C’est un musée dédié à la création contemporaine du continent et de la diaspora, mais sa singularité est vraiment d’engager une réflexion très inclusive des publics qu’on espère être les plus larges possible. On propose un programme d’expositions et de médiations vraiment adaptées aux réalités locales en invitant ces communautés à participer à l’écriture de leur histoire. Donc, l’ambition est de questionner des modèles dominants, l’écosystème artistique international, ce qui est ou apporte un musée… On se pose beaucoup de questions. Nous sommes très à l’écoute de notre environnement et on reste très ouverts à différentes formes de collaboration, qu’elles soient locale, continentale ou internationale.
Comment la fréquentation du Macaal a-t-elle évolué depuis l’ouverture en 2016 ?
Si vous voulez connaître l’évolution numéraire, je pense que ce n’est pas une donnée pertinente à regarder. Moi, ce qui m’intéresse, c’est vraiment ce que vivent les publics pendant leur expérience de visite au Macaal. Bien sûr, nous avons un public naturel de professionnels et d’amateurs d’art qui viennent spontanténement vers nous. Le fait qu’on soit identifié comme un musée d’art africain sur le continent africain, c’est une force d’appel assez importante. Il y a aussi la force d’un réseau sur lequel on travaille depuis 2012 au niveau de la fondation Alliances qui est à l’origine du Macaal. Cela va du directeur du MoMa au commissaire indépendant qui vient d’Afrique du Sud en passant par les institutions culturelles européennes avec lesquelles on collabore depuis bientôt dix ans. Et on met tout en œuvre pour aller chercher les publics locaux, les publics « empêchés » ou éloignés de la culture. Lors des expositions, on propose un programme de médiations sur mesure, en dialecte marocain, la darija, en français, en anglais. On s’adapte à tous nos publics.
De quelle façon ?
On les invite régulièrement, à travers des réseaux des écoles publiques, des associations, des communautés locales, mais aussi des universitaires et étudiants. On les invite en amont et crée ensemble les ateliers et les expérimentations, par exemple avec le Macaal Lab. Aujourd’hui, notre rôle est vraiment d’être cette passerelle, de travailler avec une dimension internationale, mais toujours en adéquation avec la dimension locale.
La collection du Macaal est très riche : des pièces de Hassan Hajjaj, Romuald Hazoumè, en passant par Emo de Medeiros ou Dominique Zinkpè, jusqu’à Joana Choumali ou Seyni Awa Camara. Quelles sont les œuvres phares qui attirent le public ?
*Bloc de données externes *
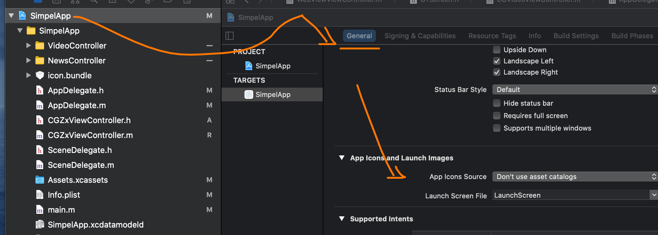 1.首先我们去到info.plist,删掉如下图箭头所示

Cela dépend des publics. Bien sûr, il y a cette très belle collection d’art marocain qui a été (réunie) par les mécènes, la famille Lazraq, à l’origine de la fondation Alliances et du Macaal : des peintres marocains modernes comme Mohamed Melehi, Farid Belkahia, Ahmed Cherkaoui… À l’échelle du continent africain, on a également la chance d’avoir une scène extrêmement riche et diversifiée : de Djamel Tatah en passant par une très belle collection d’œuvres de Chéri Samba et de toute cette école de la République démocratique du Congo (RDC) avec Chéri Chérin, Pierre Bodo… Il y aussi de très belles pièces égyptiennes et des œuvres de M’Barek Bouhchichi, d’Emmanuel Ekefrey…
Depuis le printemps arabe en 2011, de plus en plus d’Occidentaux s’intéressent à l’art et aux artistes contemporains dans les pays arabes. Pendant les années 2010, le Maroc a entrepris une véritable offensive culturelle, du musée Mohammed VI à Rabat, jusqu’au premier musée national de la Photographie, inauguré en janvier 2020. Est-ce que vous estimez aujourd’hui faire partie d’un hub culturel et jouer un rôle de médiateur entre l’Afrique subsaharienne et l’Occident ?
Tout à fait. C’est un hub qui s’impose à nous tous, par (notre) position géographique. Le Maroc est quand même la porte d’accès vers l’Afrique. Il y a ce transit qui se fait de manière assez systématique pour les voyages en avion notamment. On a renforcé cet écosystème pendant les dernières années de manière assez puissante, avec des musées comme le musée Mohammed VI à Rabat, dédié à la création contemporaine et moderne, mais aussi beaucoup d’autres institutions plus ou moins connues. On a des initiatives comme Think Tanger, des résidences d’artistes à Essaouira, sur Asilah, sur Rabat qui est une capitale culturelle à part entière…
Marrakech à elle seule offre des possibilités et des espaces assez incroyables, par exemple la galerie Le Comptoir des Mines, qui est un modèle assez innovant de résidences d’artistes, mais aussi une galerie commerciale. On a Le 18, ancré dans la médina, un acteur majeur de cette construction de sens et avec lequel on construit main dans la main. Il ne faut pas oublier que cette scène, jusqu’à très récemment, n’était pas très représentée sur l’échiquier international. Donc, notre musée a un rôle d’acquisition, de conservation et de production, mais l’idée est vraiment d’engager au maximum le dialogue envers les artistes.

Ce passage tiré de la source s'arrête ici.